Tonight we make space for God. We tell those stories of God with us. We remember them in ways that make those stories part of our own flesh and blood and bone. We teach those stories to our children, help our children allow the stories to inhabit themselves, so the stories of who we are and who God is can live on in their bones, as well. We make space for God as we give the good gifts we have to share – our worship and our joy, our care for one another, our hospitality.

It seems to me that this dark night is a good time to remember God making space for us. This is a good time for God to inhabit and illumine us, right now. The world as it is, is not the world as it should be. So much is fearful and divided and despairing. If we think too long about Liberia and Sierra Leone, and Ferguson and Staten Island, and Peshawr and New York, if we think too long about the devastations in and frustrations our own individual lives, it’s too easy to hold God at arms’ length. It’s too easy to choose guardedness and isolation and self-protection and even cynicism, over trust, over hope, over light and love.

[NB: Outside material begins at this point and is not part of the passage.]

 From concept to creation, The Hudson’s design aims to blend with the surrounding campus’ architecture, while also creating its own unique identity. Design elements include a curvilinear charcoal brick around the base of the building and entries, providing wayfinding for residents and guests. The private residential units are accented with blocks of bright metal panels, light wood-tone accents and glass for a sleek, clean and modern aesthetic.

Because love makes us vulnerable. And because love makes God vulnerable, too.[3]

After all, the stories we live might just break our hearts. The hospitality we extend could bring pain with it too. The gifts we give might well be lost.

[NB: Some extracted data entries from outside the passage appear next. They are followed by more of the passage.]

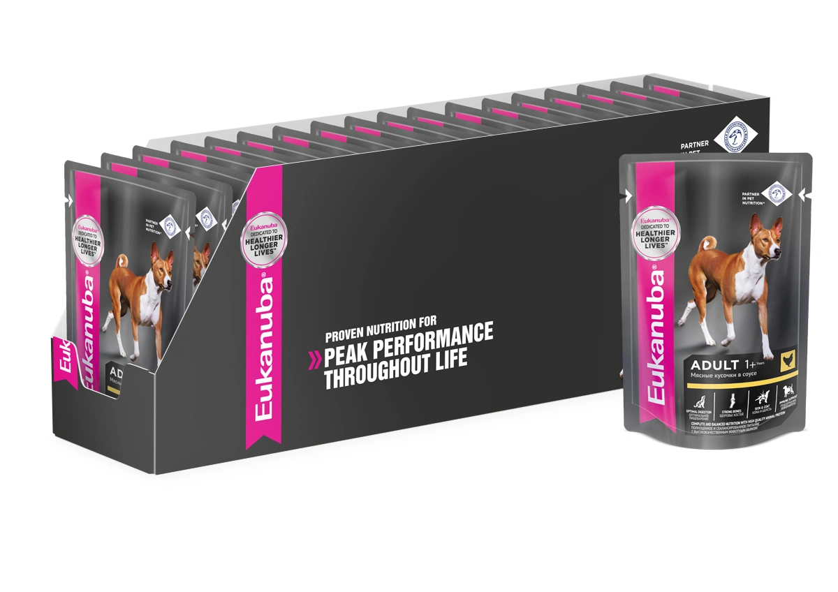 Консервы Eukanuba "Adult" - это полноценное и сбалансированное питание для взрослых собак всех пород в возрасте старше 1 года с высококачественным животным белком.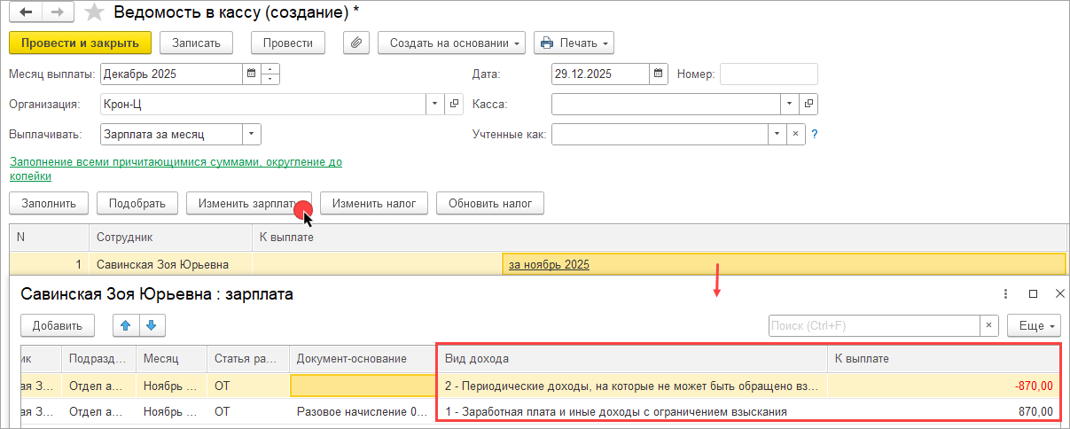 Чтобы закрыть такую пересортицу можно создать «техническую» ведомость на выплату в кассу, подбором добавить сотрудника в нее, в результате подтягиваются все виды исполнительного производства. В итоге сумма к выплате будет 0, но если открыть расшифровку суммы к выплате (по кнопке Изменить зарплату), то видим, что закроется пересортица. Например: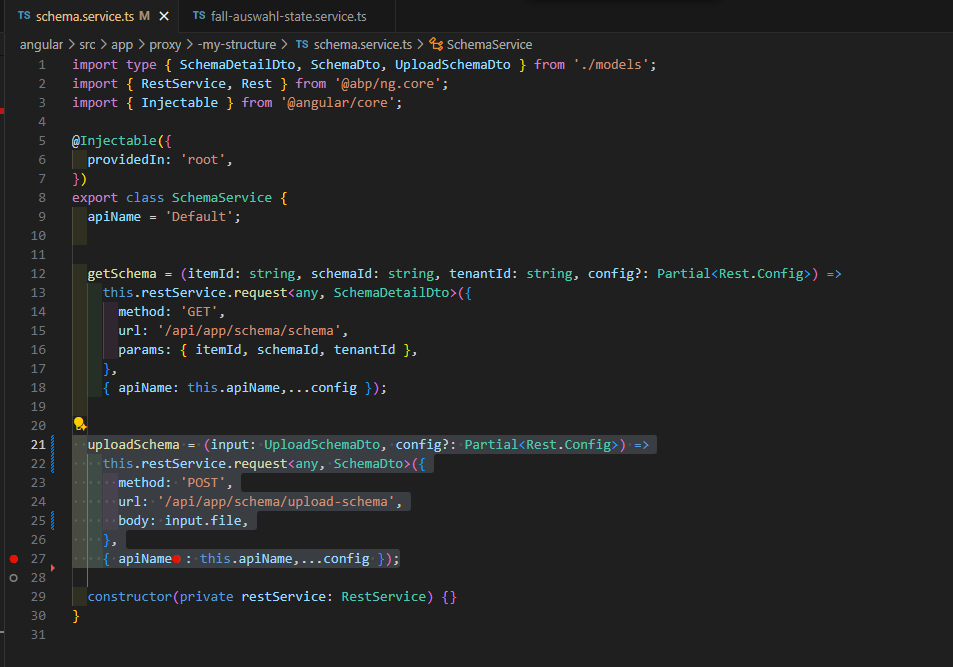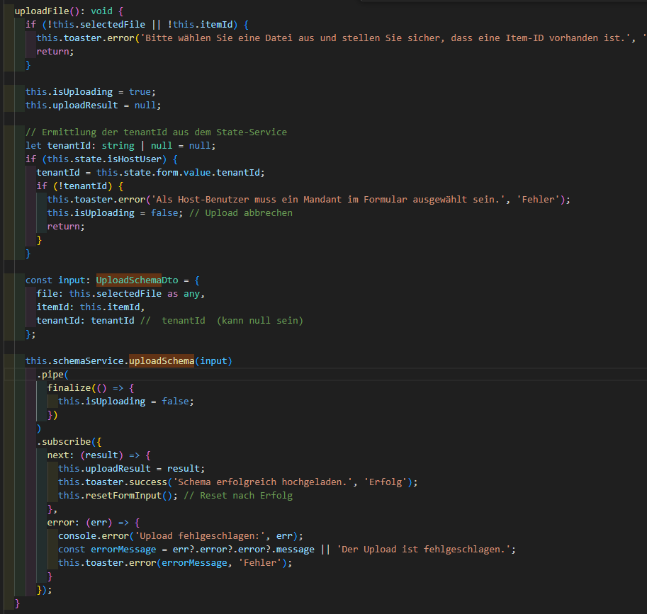 with that "import { ToasterService } from '@abp/ng.theme.shared'; import { Component, Input } from '@angular/core'; import { SchemaDto, SchemaService, UploadSchemaDto } from '@proxy/-my-structure'; import { FallAuswahlStateService } from '../fall-auswahl/fall-auswahl-state.service'; import { finalize } from 'rxjs';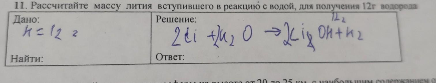 m(Li) = n(Li) * М(Li) = 12 * 7 = 84 г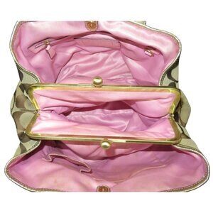 Coach 2008 Cursive Creed Khaki Signature C Kisslock Dual Strap Carryall Satchel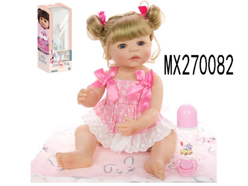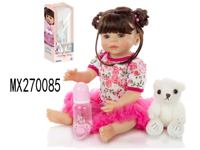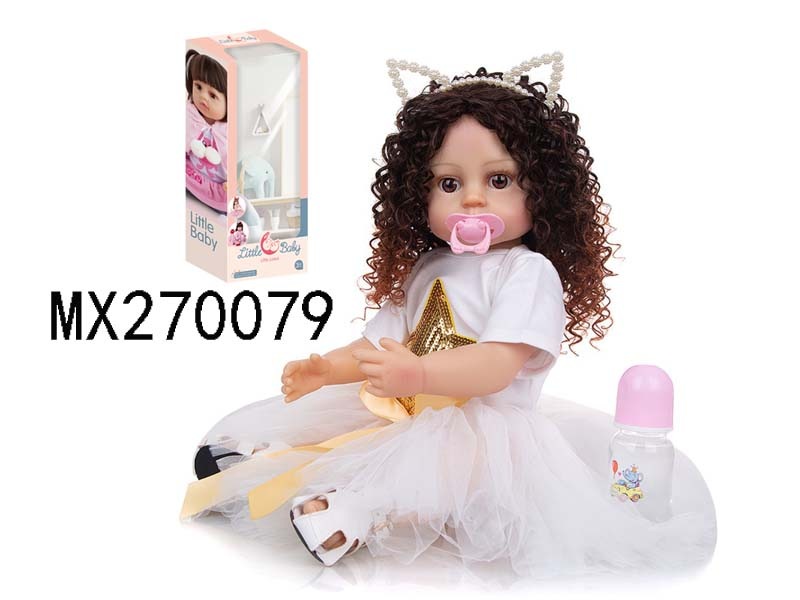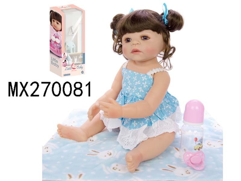 55厘米重生娃娃高仿真婴儿娃娃,(假发套)全身软胶,带奶瓶,磁性奶嘴,尿布,出生卡,凉鞋,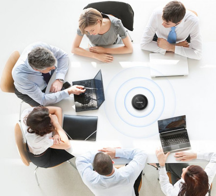 Die 6 Elementmikrofone unterstützen eine 360-Grad-Rundum-Audioaufnahme, um die Stimme von jedem Sitzplatz in einer Besprechung in bis zu 5-7 Metern Entfernung zu empfangen.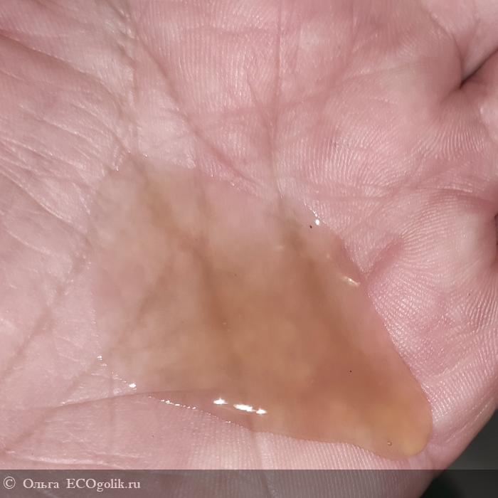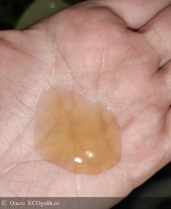 Шампунь гелевой консистенции, светло коричневого цвета, слегка мутный. Он скорее жидкий, но при этом он не убегает с рук, если не перебарщивать с количеством. Конечно если вы бухнете целую ладонь, излишки утекут с рук, так как гель текучий и форму не держит. Мне бы хотелось, чтобы он был совсем немного гуще.

And Mary could have said no to that angel. Joseph could have refused her and cast her out, shunned and humiliated her, when he realized she was pregnant. The innkeeper might not have offered even that barn, or that cave, whatever it was, meager a space as it was for a poor pregnant couple to spend the night. The shepherds might have chosen to remain out in that field in their fear, instead of adding their voices to the chorus of God’s glory.

But instead, at least in that moment, in their various ways, they all said yes. And as they said yes, they went all in. And earth met heaven and heaven met earth, together with angels and archangels and all that blessed company. They made space for God who makes space for us.

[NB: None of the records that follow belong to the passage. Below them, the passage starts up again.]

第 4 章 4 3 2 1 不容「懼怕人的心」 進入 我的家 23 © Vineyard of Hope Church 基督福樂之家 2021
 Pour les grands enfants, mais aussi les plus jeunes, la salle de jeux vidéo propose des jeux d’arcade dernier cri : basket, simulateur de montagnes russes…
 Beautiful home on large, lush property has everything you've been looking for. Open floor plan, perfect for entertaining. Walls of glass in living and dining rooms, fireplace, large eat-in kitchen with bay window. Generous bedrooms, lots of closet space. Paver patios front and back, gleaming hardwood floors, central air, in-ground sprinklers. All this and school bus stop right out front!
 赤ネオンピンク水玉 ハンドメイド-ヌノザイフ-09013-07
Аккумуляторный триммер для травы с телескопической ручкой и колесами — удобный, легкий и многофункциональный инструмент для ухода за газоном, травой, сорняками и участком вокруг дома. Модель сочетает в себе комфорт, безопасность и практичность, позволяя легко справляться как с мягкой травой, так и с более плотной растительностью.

And so, friends, on this holy night, I say to you what the authors of these texts say to us all, to everybody, everybody, everybody: Do not be afraid. Because a light shines in the darkness. Do not be afraid. Because a child has been born for us. Do not be afraid. Because the word has become flesh, and dwells among us, full of grace and truth. Do not be afraid. Because God creates space enough for us all.

And so make space of your own, this night, for God. Let Christ inhabit you, as you remember these stories of who we are. Let Christ inhabit you, as you give the good gifts you have to share. Make space for love and light to inhabit you, and grace upon grace. Make space for God, who will still and always make space for you.

 

[1] Molly Marshall. “Theological Perspective,” Feasting on the Word, Year A, Volume 2. Louisville: Westminster John Knox, 2010. 468.

[2] Barbara Brown Taylor. Gospel Medicine. Boston: Cowley Publications, 1995. 157.